The taxation of intermediaries rules (better known as “IR35” after the Inland Revenue Budget Notice 35 in which they were announced) were introduced in 2000 with the aim of requiring individuals who work through a limited company (and are supplied by that company in an employee capacity) to pay the same amount of tax and NICs as employees.
The rules enacted essentially require the engaged company to pay 95% of the value of its invoices to the employee concerned under PAYE when that employee works for the engaging business in an employee capacity, leaving the remaining 5% to cover the general administration costs of the company.
The new rules
These rules have been changed with effect from April 2017 where the engaging organisation is part of the public sector.
The key changes are that where an individual is supplied via a limited company to a public sector body, and is working in an employee capacity for that body, then the public sector body will need to operate PAYE on 100% of the value of the invoice and so pay it under deduction of tax and NICs. Likewise if the public sector body engages the company via an agency or other third party, then that agency or third party will have to operate the PAYE instead. This results in the additional cost of Employers NICs for the engaging organisation, as well as the worker effectively probably paying more in payroll taxes.
These changes have been implemented because HMRC believe there are many small companies supplying owner directors in an employee capacity who still reward them through dividends rather than through a salary paid under PAYE. They believe the public sector needs to lead the way in managing this properly.
HMRC Employment Status Indicator
In order to help the public sector decide when a contractor is an employee for tax purposes HMRC have made some adjustments to their online Employment Status Indicator tool to cover the new “IR35” rules. This can be accessed here.
This tool is not without its problems and many believe that it is biased towards suggesting people are employees rather than self-employed. However, it can nonetheless provide a helpful (albeit certainly not definitive) indicator as to which side of the line an individual is likely to fall.
Key factors in determining employment status
For a more definitive answer, you need to go back to the legal tests for self employment established in case law, the usual starting point being the case of Ready Mixed Concrete (South East) Ltd v The Ministry of Work and Pensions. This case determined the three key tests as being:
- Is there a master/servant relationship between the engaging organisation and the worker? Broadly speaking can the worker be told what to do and where and how to do it? I.e. “control”.
- Is there a right of substitution that could reasonably take place?
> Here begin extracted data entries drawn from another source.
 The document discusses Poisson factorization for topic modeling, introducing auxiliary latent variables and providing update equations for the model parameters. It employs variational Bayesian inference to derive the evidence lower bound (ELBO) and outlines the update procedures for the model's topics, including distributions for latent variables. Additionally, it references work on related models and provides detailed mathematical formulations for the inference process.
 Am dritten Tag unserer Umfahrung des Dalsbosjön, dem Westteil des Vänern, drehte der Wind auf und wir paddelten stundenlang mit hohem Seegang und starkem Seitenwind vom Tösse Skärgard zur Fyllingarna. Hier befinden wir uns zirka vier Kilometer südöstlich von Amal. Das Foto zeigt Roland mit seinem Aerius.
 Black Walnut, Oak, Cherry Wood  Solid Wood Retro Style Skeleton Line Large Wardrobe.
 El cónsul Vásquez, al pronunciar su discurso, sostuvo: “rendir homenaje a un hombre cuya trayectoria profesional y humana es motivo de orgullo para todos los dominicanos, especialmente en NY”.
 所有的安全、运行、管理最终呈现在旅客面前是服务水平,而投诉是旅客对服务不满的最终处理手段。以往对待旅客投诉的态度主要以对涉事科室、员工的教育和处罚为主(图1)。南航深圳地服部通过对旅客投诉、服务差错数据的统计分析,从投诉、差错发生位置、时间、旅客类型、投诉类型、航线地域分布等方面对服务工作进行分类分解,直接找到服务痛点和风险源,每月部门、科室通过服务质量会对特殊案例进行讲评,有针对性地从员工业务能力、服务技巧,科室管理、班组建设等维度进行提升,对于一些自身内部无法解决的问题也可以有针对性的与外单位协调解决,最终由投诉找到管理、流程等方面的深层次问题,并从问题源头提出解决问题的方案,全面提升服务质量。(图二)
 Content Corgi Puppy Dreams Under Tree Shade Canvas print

I.e. can the worker reasonably send someone else to do the work for them?
- Are the other provisions of the contract consistent with a contract of service?
HMRC’s preferred approach can be one where other factors – such as who supplies equipment and level of integration into an organisation – have equal weight to the tests of control and substitution, but this is not the correct approach. We would recommend a right of substitution as the easiest test to include in a contract – but of course that needs to be a right that could reasonably take place. HMRC have been known to suggest that the right must actually take place which is again not strictly correct.
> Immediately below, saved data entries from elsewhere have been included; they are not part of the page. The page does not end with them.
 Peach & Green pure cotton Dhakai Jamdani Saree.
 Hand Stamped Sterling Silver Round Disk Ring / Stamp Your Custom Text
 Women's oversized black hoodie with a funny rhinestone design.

In one sense, nothing need change for the informed public sector body engager of personal service companies. They should ensure (so far as possible) that their contracts with their service companies enable the engagement to meet the “Ready Mixed Concrete” test and that therefore the workers supplied through those companies are supplied on a self employed basis. In which case the new Intermediaries tax rules will not apply and the engaged companies can be paid gross as before.
However, there has undoubtedly been a mood change and a move away from the “self employed” model in recent times (consider, for example, the various recent high profile cases in relation to the “gig economy”). More organisations are considering bringing consultants onto payroll who previously they might not have considered to fall within the “IR35” rules. While this removes the risk of falling foul of “IR35”, employers should be aware of the additional cost of employer NICs it will mean. It is also important to be aware that the fee paid to any consultants being brought onto payroll will also count towards the Apprenticeship Levy.
Where organisations wish to continue contracting with companies on a self-employed basis the ideal model is to have in place a “statement of work” setting a fixed price for the delivery of a specified project, not an agreement where the fee is based on hours or days spent (or materials used).
In case HMRC should disagree with an organisation’s analysis that self-employment genuinely applies, we would always recommend that the contract with the company includes a well-drafted indemnity clause so that tax can be re-charged to the company if necessary. Bear in mind, however, that employer NICs can never be passed on from the employer.
This information is necessarily of a general nature and doesn’t constitute legal advice. This is not a substitute for formal legal advice, given in the context of full information under an engagement with Bates Wells.
All content on this page is correct as of June 9, 2017.